Y tanto en un caso como en otro, descubrir esos aspectos más ocultos son casi siempre motivo de sorpresa y satisfacción.
En esto me paré a pensar no hace mucho, cuando dos amigos míos hablaron, por separado y en dos ocasiones diferentes, de la escasa profundidad moral que observan, en general, en la literatura contemporánea; de cómo echan de menos historias que apelen a la moral, que nos hagan meditar y nos conmuevan desde el punto de vista moral.Y en las dos ocasiones, algunas de las otras personas que estaban en la conversación, creyeron que hablábamos de moral en el sentido que con frecuencia se le atribuye a esta palabra: el de principios religiosos, o de convenciones sociales; de lo que se considera o no aceptable socialmente, lo que está bien o mal visto; de lo que desde hace un tiempo se denomina "políticamente" correcto o incorrecto.
Pero a lo que nos referíamos era a aquello que tiene que ver con la conciencia y el respeto humano, incluido el respeto a nuestra propia conciencia; a los valores personales propios, no impuestos, que nos indican cómo hemos de conducirnos; a las reglas de conducta que seguimos no porque nos lo mande una ley, una norma social o un precepto religioso, sino porque es lo que consideramos nuestro deber humano, lo que nos dicta nuestra conciencia que debemos o no debemos hacer.
Dice Robert Louis Stevenson en su ensayo "La moral de la profesión de letras":
El primer deber de cualquier persona que escribe es intelectual [...] Debe cerciorarse de que su propia mente se mantenga ágil, compasiva y brillante [...] El segundo deber, mucho más difícil de definir, es moral.
Y lo explica del siguiente modo: Sería deseable que todas las obras literarias [...] surgieran de impulsos sólidos, humanos, sanos y potentes [...] No existe el libro perfecto, pero hay muchos que deleitan, mejoran o animan al lector.
Y esto es precisamente lo que buscan mis amigos: esas obras que nos engrandecen y nos inspiran, porque surgen de esos "impulsos sólidos, humanos y sanos" y nos los transmiten.
Entonces, en aquellas dos conversaciones, yo sugerí que para encontrar esa llamada literaria a la moral hace falta recurrir a los clásicos.

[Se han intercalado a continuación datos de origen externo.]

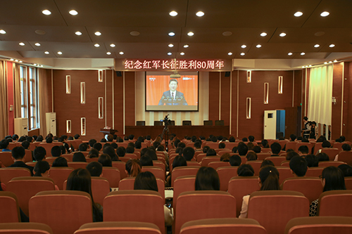 10月21日上午10时,在学院党委的统一部署下,学院组织师生党员、入党积极分子、主要学生干部在理工馆学术报告厅观看了纪念红军长征胜利80周年大会直播,聆听了习近平总书记的重要讲话。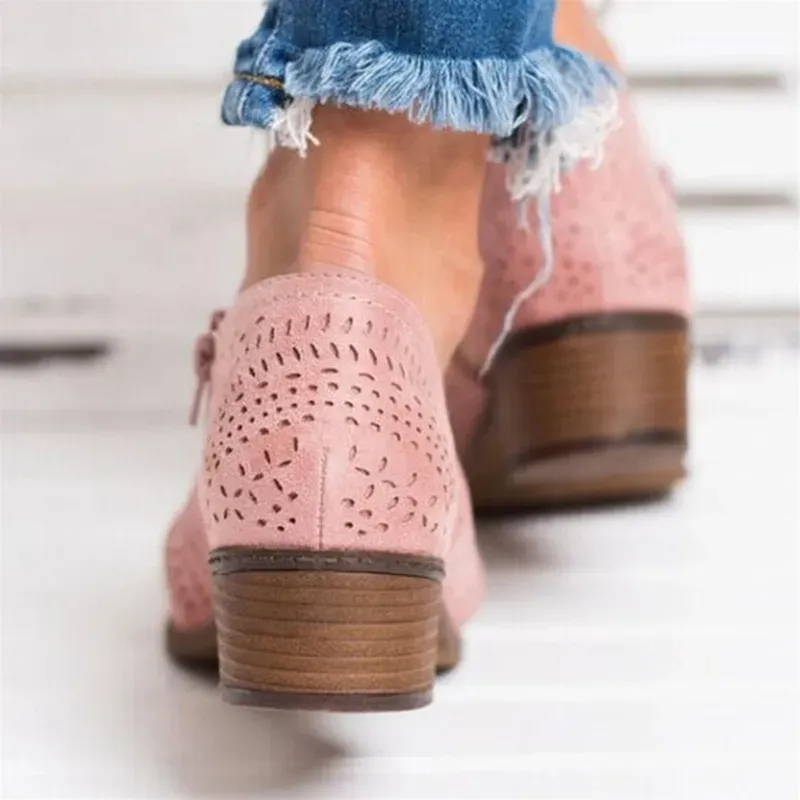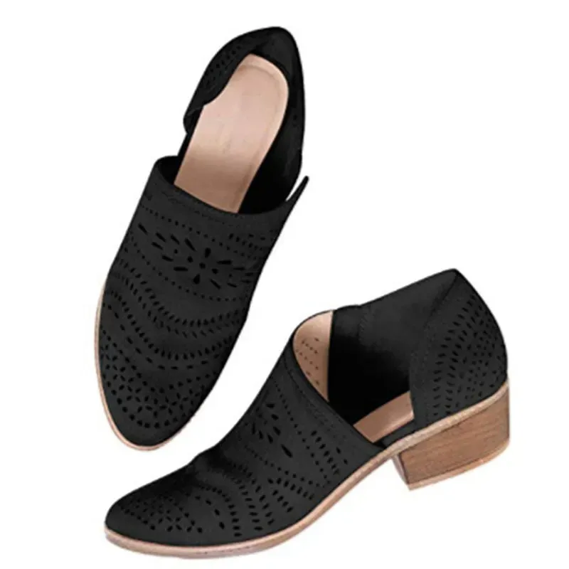 Size:4.5-11 Women Boho Carving Design Low Top Boots Shoes

Y nuevamente hubo confusión, porque tendemos a asociar el concepto clásico con ideas de antigüedad, de cosa intelectual difícil y aburrida, o de tradición rancia.
Pero yo me refería a esa otra idea que encierra la palabra clásico y que se refiere a aquello que por sus cualidades se convierte en un ejemplo digno de imitar o seguir. Me refería a esos "clásicos" que lo son no por antigüedad, sino porque forman parte de la literatura eterna: Dostoievski, Flaubert, Wilde, Stevenson, Sandor Marai, Stefan Zweig, Virginia Woolf, Edith Wharton, Italo Calvino... por nombrar sólo algunos de mis favoritos.
Y es curioso que estos dos conceptos que fueron malinterpretados en las dos conversaciones, tengan entre sí una relación literaria tan estrecha, pues sin duda estas obras clásicas y eternas, se convierten en tales precisamente porque tienen, entre otras cosas, un carácter moral, que se advierte en lo que con ellas aprendemos sobre nosotros mismos, nuestro mundo y nuestros actos. Y sobre nuestras palabras.